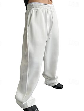 Homme Joggings Jogging à Jambes Larges Pantalons Pantalons Amples Pantalon de survêtement ouvert en bas Cordon de serrage Taille Élastique Jambe Droite Uni Évacuation de l'Humidité Respirant Longueur
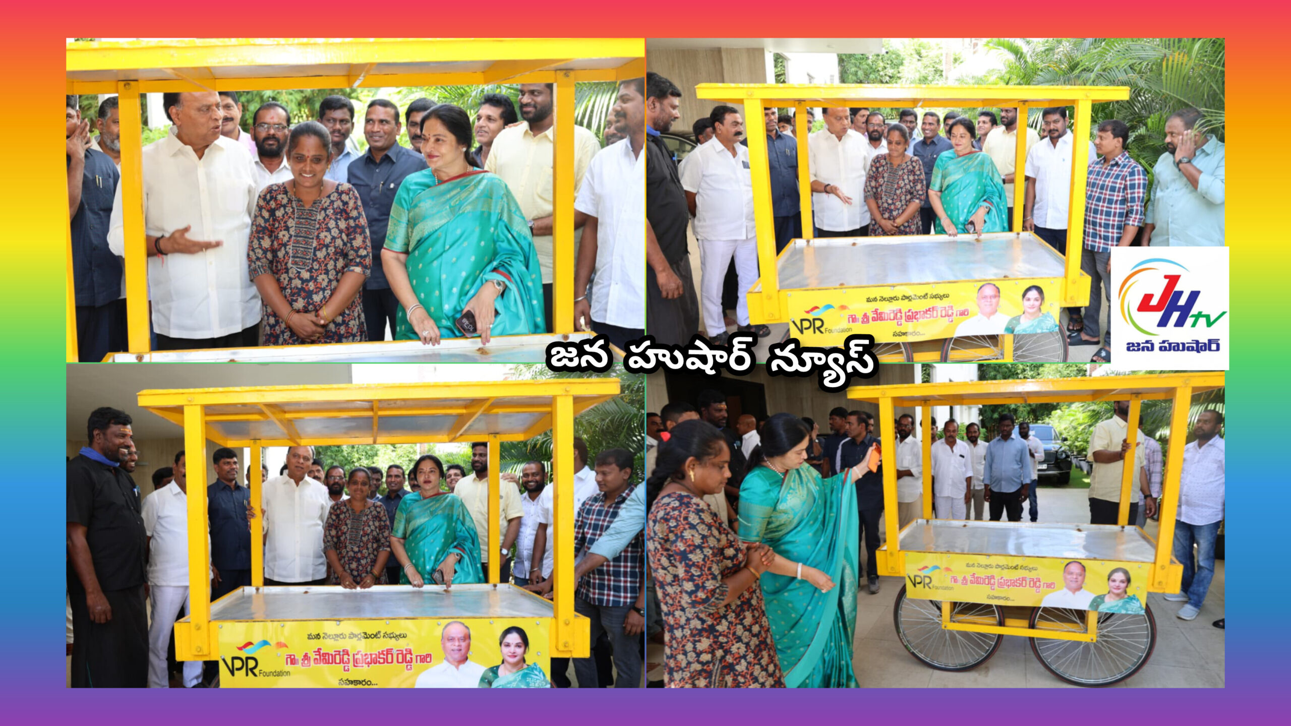 నెల్లూరు నగరం మాగుంట లేఔట్ లోని విపిఆర్ నివాసంలో ఎంపి వేమిరెడ్డి ప్రభాకర్ రెడ్డి, ఎమ్మెల్యే వేమిరెడ్డి ప్రశాంతి రెడ్డి లు బుచ్చిరెడ్డి పాళెం పట్టణ పరిధిలోని కాశీ పాళెం ప్రాంతానికి చెందిన కూరగాయల వ్యాపారం చేసుకునే రాణి అనే పేద మహిళకు తోపుడు బండి యిచ్చి ఆదుకున్నారు.
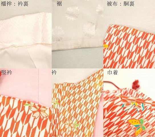 【祝着】 身丈 95cm(肩から) 裄丈 50cm(肩上げ 4.5cm) 袖丈 66cm 縫込み 2cm 袖幅 31cm 前幅 20.5cm 後幅 28.5cm 着物縫いこみ 内揚げ 0cm (腰上げ 6.5cm) 裄 お袖側 約1.5cm 身頃側 約0.5cm 【被布】 身丈 48.5cm(肩から) 裄丈 13cm(肩上げ 2.5cm) 【長襦袢】 身丈 95cm(肩から) 裄丈 48.5cm(肩上げ 4.5cm) 袖丈 66cm 縫込み 2cm 袖幅 30.5cm 前幅 20cm 後幅 28cm 着物縫いこみ 内揚げ 0cm (腰上げ 8cm) 裄 お袖側 約1.5cm 身頃側 約0.5cm 《 サイズについてはこちら 》 |
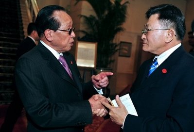 柬外长贺南洪(左)和泰国外长颂蓬在北京亚欧峰会场
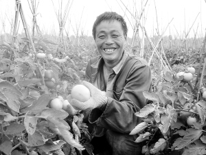 “在家种植特色经济真比外出打工强多了!”昨日,太康县城关镇返乡农民工程维红正在自己承包的西红柿地里查看西红柿长势。去年程维红从广东返乡后,从村民手中承包了50多亩地,种植了西红柿、辣椒、黄瓜等特色经济,实现亩均纯收入5000多元。程维红从土地流转中尝到了甜头。(记者 孙安平 摄)
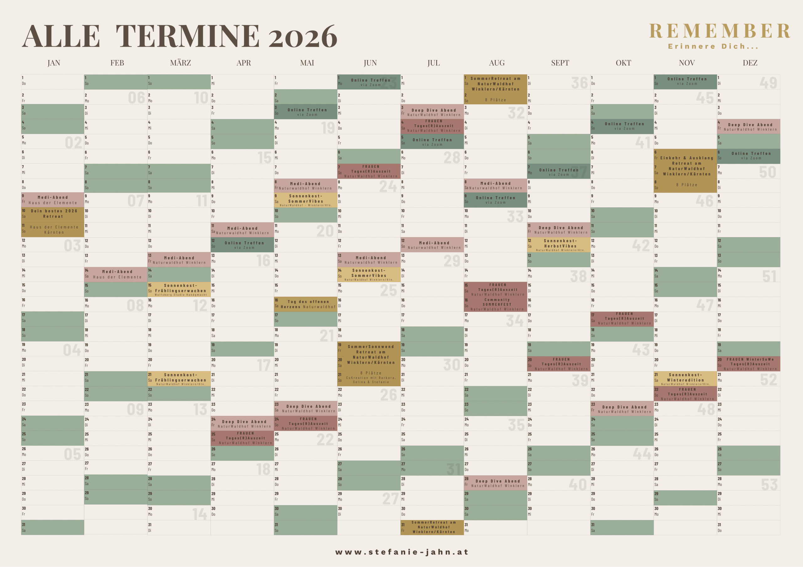 In der Kalenderübersicht darüber findest Du alle Termine des Jahres.
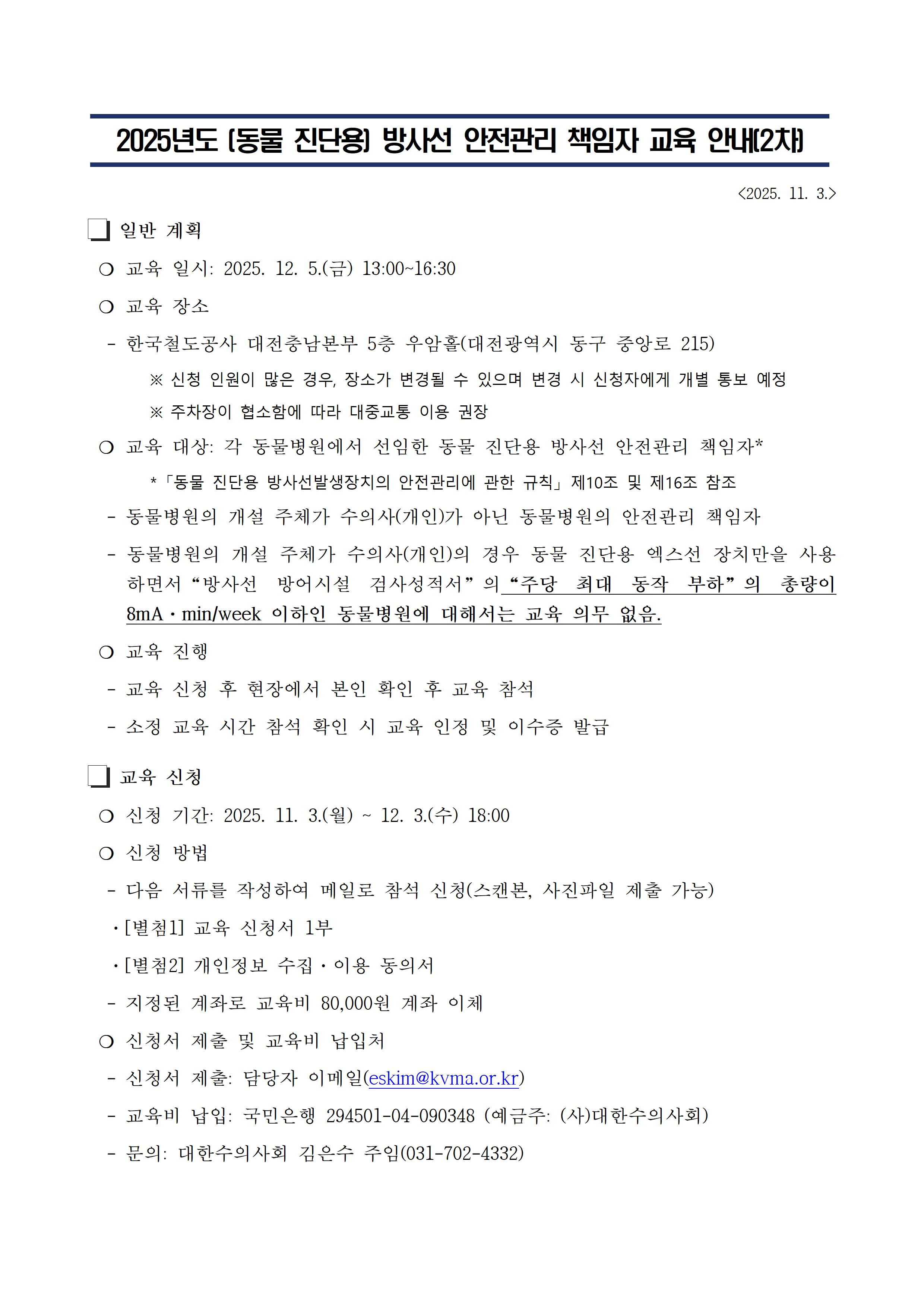 [안내] 2025년도 (동물 진단용) 방사선 안전관리 책임자 교육(2차/12.5.) 안내
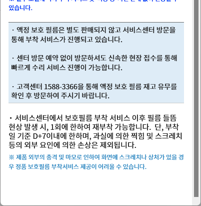 집에 와서 찾아보니 들뜸 현상이 발생해도 7일 이내에 가져오면 1회에 한해서 재부착을 해준다고 합니다.
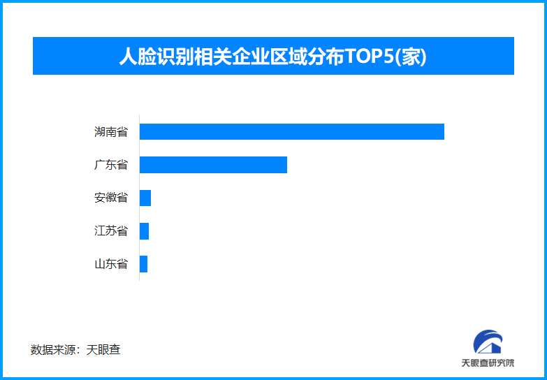 天眼查专业版数据显示,截至目前我国现存在业、存续状态的人脸识别相关企业超4500家。从区域分布来看,湖南省、广东省人脸识别相关企业数量位居前列,两个省市数量总和超过3700家,占企业总数的81.73%。
--------------------
• _Goal of the exercise_
Repeat the preceding records precisely, and leave every picture out of the copy.

• _Reply to the task_
 Homme Joggings Jogging à Jambes Larges Pantalons Pantalons Amples Pantalon de survêtement ouvert en bas Cordon de serrage Taille Élastique Jambe Droite Uni Évacuation de l'Humidité Respirant Longueur
 నెల్లూరు నగరం మాగుంట లేఔట్ లోని విపిఆర్ నివాసంలో ఎంపి వేమిరెడ్డి ప్రభాకర్ రెడ్డి, ఎమ్మెల్యే వేమిరెడ్డి ప్రశాంతి రెడ్డి లు బుచ్చిరెడ్డి పాళెం పట్టణ పరిధిలోని కాశీ పాళెం ప్రాంతానికి చెందిన కూరగాయల వ్యాపారం చేసుకునే రాణి అనే పేద మహిళకు తోపుడు బండి యిచ్చి ఆదుకున్నారు.
 【祝着】 身丈 95cm(肩から) 裄丈 50cm(肩上げ 4.5cm) 袖丈 66cm 縫込み 2cm 袖幅 31cm 前幅 20.5cm 後幅 28.5cm 着物縫いこみ 内揚げ 0cm (腰上げ 6.5cm) 裄 お袖側 約1.5cm 身頃側 約0.5cm 【被布】 身丈 48.5cm(肩から) 裄丈 13cm(肩上げ 2.5cm) 【長襦袢】 身丈 95cm(肩から) 裄丈 48.5cm(肩上げ 4.5cm) 袖丈 66cm 縫込み 2cm 袖幅 30.5cm 前幅 20cm 後幅 28cm 着物縫いこみ 内揚げ 0cm (腰上げ 8cm) 裄 お袖側 約1.5cm 身頃側 約0.5cm 《 サイズについてはこちら 》 |
 柬外长贺南洪(左)和泰国外长颂蓬在北京亚欧峰会场
 “在家种植特色经济真比外出打工强多了!”昨日,太康县城关镇返乡农民工程维红正在自己承包的西红柿地里查看西红柿长势。去年程维红从广东返乡后,从村民手中承包了50多亩地,种植了西红柿、辣椒、黄瓜等特色经济,实现亩均纯收入5000多元。程维红从土地流转中尝到了甜头。(记者 孙安平 摄)
 In der Kalenderübersicht darüber findest Du alle Termine des Jahres.
 [안내] 2025년도 (동물 진단용) 방사선 안전관리 책임자 교육(2차/12.5.) 안내
 집에 와서 찾아보니 들뜸 현상이 발생해도 7일 이내에 가져오면 1회에 한해서 재부착을 해준다고 합니다.
 天眼查专业版数据显示,截至目前我国现存在业、存续状态的人脸识别相关企业超4500家。从区域分布来看,湖南省、广东省人脸识别相关企业数量位居前列,两个省市数量总和超过3700家,占企业总数的81.73%。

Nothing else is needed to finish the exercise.